Only later did I learn that improvisation was the seed, but by the time Zappa had that band on the road, everything was set. The setups, the gags, everything that I thought was spontaneous had been rehearsed and set in stone. Kudos and much love and respect to singers and spoken-sung artists Mark Volman and Howard Kaylan. Night after night they made it sound fresh, enthusiastic and their own. Well in fact, it was their own, originally, I would later learn from Howard and Mark themselves. So I wrote a sparkling review of the the album, focusing only on the music, and then once again forgot all about Frank Zappa.
Coming Into Focus
In 1972 I found myself at a music conservatory on a partial scholarship. I hadn’t graduated high school, but my private teacher, the great Al Lepak, was also head of the percussion department at the school, The Hartt College of Music in West Hartford, CT.

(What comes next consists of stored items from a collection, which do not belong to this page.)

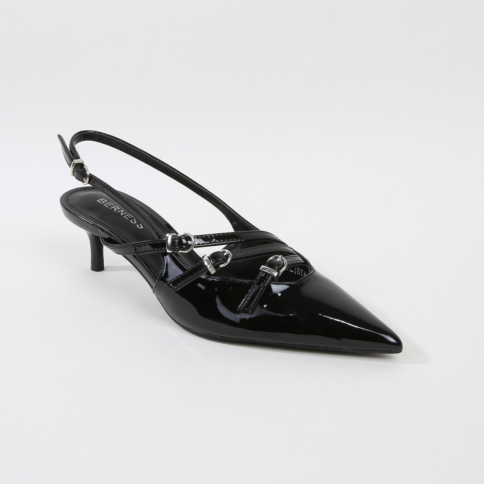 Calista Patent Leather Buckle Straps Slingback Kitten Heels
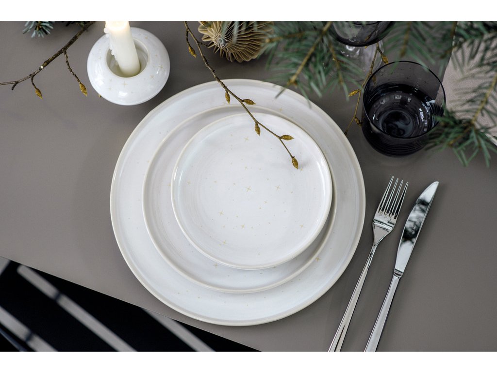 Štýlová porcelánová plytká miska v minimalistickom dizajne pripomínajúcom nočnú oblohu. Každý kúsok je zdobený malými zlatými hviezdičkami. Vyčarí tú správnu vianočnú atmosféru.
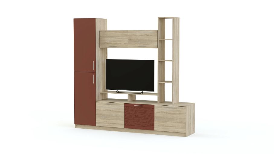 Стенка Вельвет 3 BMS – компактная модель из популярной современной серии. Композицию отличает визуальная легкость, геометричность и простота. В комплект входят колонка с бельевыми полками, низкая тумба с подставкой под ТВ, мини-стеллаж и антресольная секция с откидными дверцами. Сочетание открытых и глухих отделений позволит разместить книги, предметы декора и множество мелочей, а фасады древесных оттенков с матовыми вставками, декорированными рельефным рисунком, украсят гостиную. Купить стенку Вельвет 3 BMS приглашаем недорого в наш интернет-магазин.

I could relax and be myself with “Mr. Lepak,” and apparently I scared him with a few stories I shared. He could see that I was going down a dangerous path, and that if I was forced to finish high school, I’d probably die from roaring down a mountain dirt road on my motorcycle on a moonless midnight, headlight turned off, ripped on acid and adventurously drunk on warm, cheap gin.
I owe my life to Al Lepak, who one day offered me early exit from high school (awesome!) early entrance to the college on the condition that I pass my freshman year and then I’d be granted my high school diploma. THAT was a miracle.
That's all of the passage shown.